Dario Bellicoso

Robotics Research Scientist

Research

ALMA - Articulated Locomotion and Manipulation for a Torque-Controllable Robot

May, 2019 · IEEE International Conference on Robotics and Automation (ICRA)

We present a motion planning and control framework for ANYmal, a torque-controlled quadrupedal robot equipped with a six degrees of freedom robotic arm capable of performing dynamic locomotion while executing manipulation tasks. The online motion planning framework, together with a whole-body control based on a hierarchical optimization algorithm, enable the system to walk, trot and pace while executing tasks such as fixed-position end-effector control, reactive human-robot collaboration and torso posture optimization to increase the arm’s kinematic reachability. The torque controllability of the whole system enables the implementation of compliant behaviour, allowing a user to safely interact with the robot in a very natural way.

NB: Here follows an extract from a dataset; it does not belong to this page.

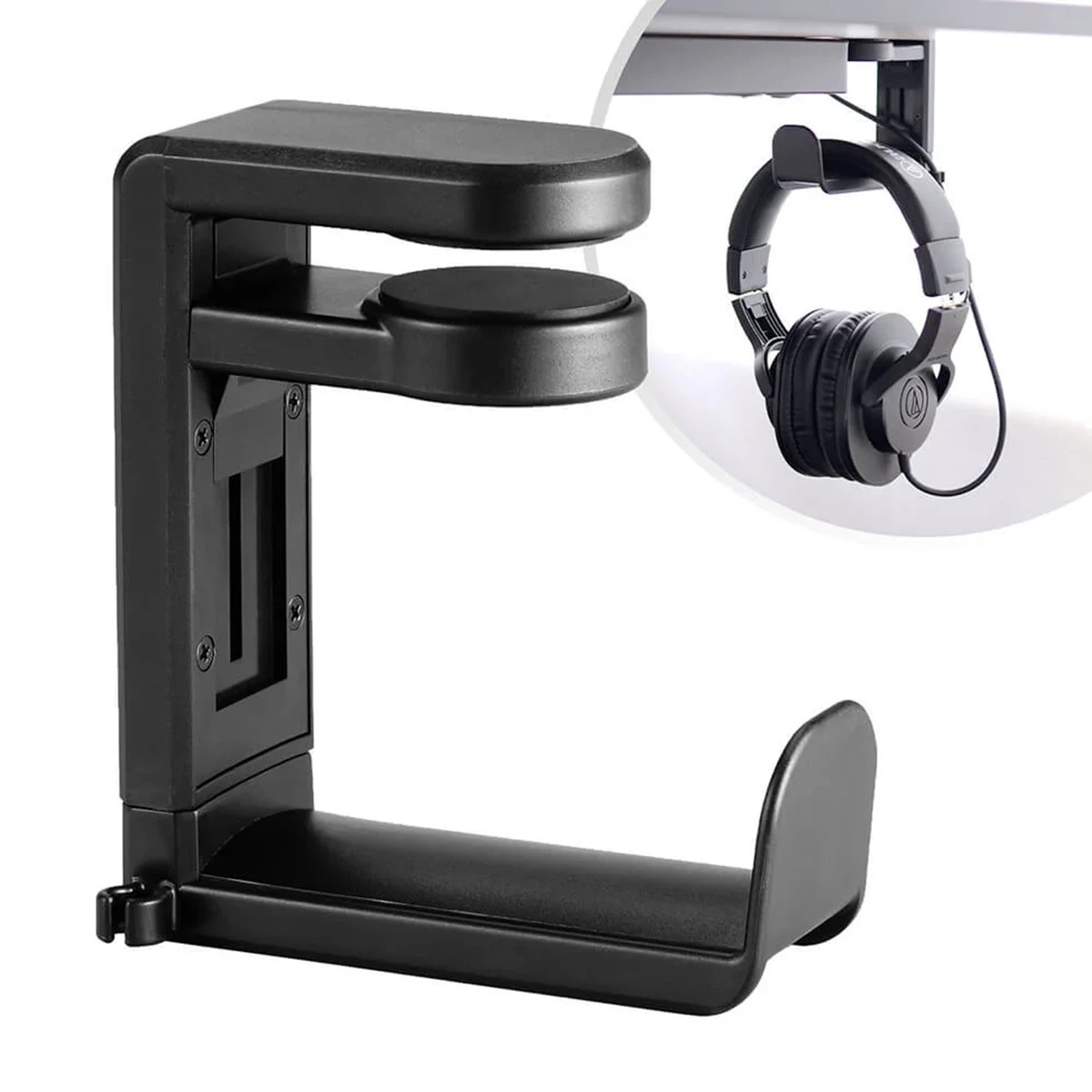 Det vridbara 360° greppet roterar helt så att du säkert kan stuva undan dina hörlurar under skrivbordet och dra ut dem lätt igen. Headsethållarens klämhöjd kan ställas in från 1 till 4 cm. Klämmer fast på skrivbord upp till 4 cm tjocka och så smala som 1 cm för en nästan universell passform på de flesta skrivbord. Antislip- och antirepnings-kuddar med upphöjd design. Den halkfria och mjuka gummikudden är för att förhindra repor på skrivbordets yta. Hörlursstativet tar lite utrymme, det är perfekt för att hålla över alla typer av hörlurar, Bluetooth-hörlurar, brusreducerande hörlurar, spelhörlurar eller telefonheadset. Den har ett litet clips som håller din hörlursledning snygg och organiserad, eller också kan användas för USB-kablar och laddningskablar. Passar alla hörlurar. Det kan också användas för att hålla spelkontroller, kablar eller andra prylar. (Max totalvikt 1 kg).

We verify our framework on the real robot by performing tasks such as opening a door or carrying a payload together with a human.

Dynamic Locomotion Through Online Nonlinear Motion Optimization for Quadrupedal Robots

July, 2018 · IEEE Robotic and Automation Letters (RA-L)

This letter presents a realtime motion planning and control method that enables a quadrupedal robot to execute dynamic gaits including trot, pace, and dynamic lateral walk, as well as gaits with full flight phases such as jumping, pronking, and running trot. The proposed method also enables smooth transitions between these gaits. Our approach relies on an online zero-moment point based motion planner which continuously updates the reference motion trajectory as a function of the contact schedule and the state of the robot. The reference footholds for each leg are obtained by solving a separate optimization problem. The resulting optimized motion plans are tracked by a hierarchical whole-body controller. Our framework has been tested in simulation and on ANYmal, a fully torque-controllable quadrupedal robot, both in simulation and on the actual robot.

Perception-less terrain adaptation through whole body control and hierarchical optimization

November, 2016 · IEEE-RAS 16th International Conference on Humanoid Robots (Humanoids)

This paper presents a control approach based on a whole body control framework combined with hierarchical optimization. Locomotion is formulated as multiple tasks (e.g. maintaining balance or tracking a desired motion of one of the limbs) which are solved in a prioritized way using QP solvers. It is shown how complex locomotion behaviors can purely emerge from robot-specific inequality tasks (i.e. torque or reaching limits) together with the optimization of balance and system manipulability. Without any specific motion planning, this prioritized task optimization leads to a natural adaption of the robot to the terrain while walking and hence enables blind locomotion over rough grounds. The presented framework is implemented and successfully tested on ANYmal, a torque controllable quadrupedal robot. It enables the machine to walk while accounting for slippage and torque limitation constraints, and even step down from an unperceived 14 cm obstacle. Thereby, ANYmal exploits the maximum reach of the limbs and automatically adapts the body posture and height.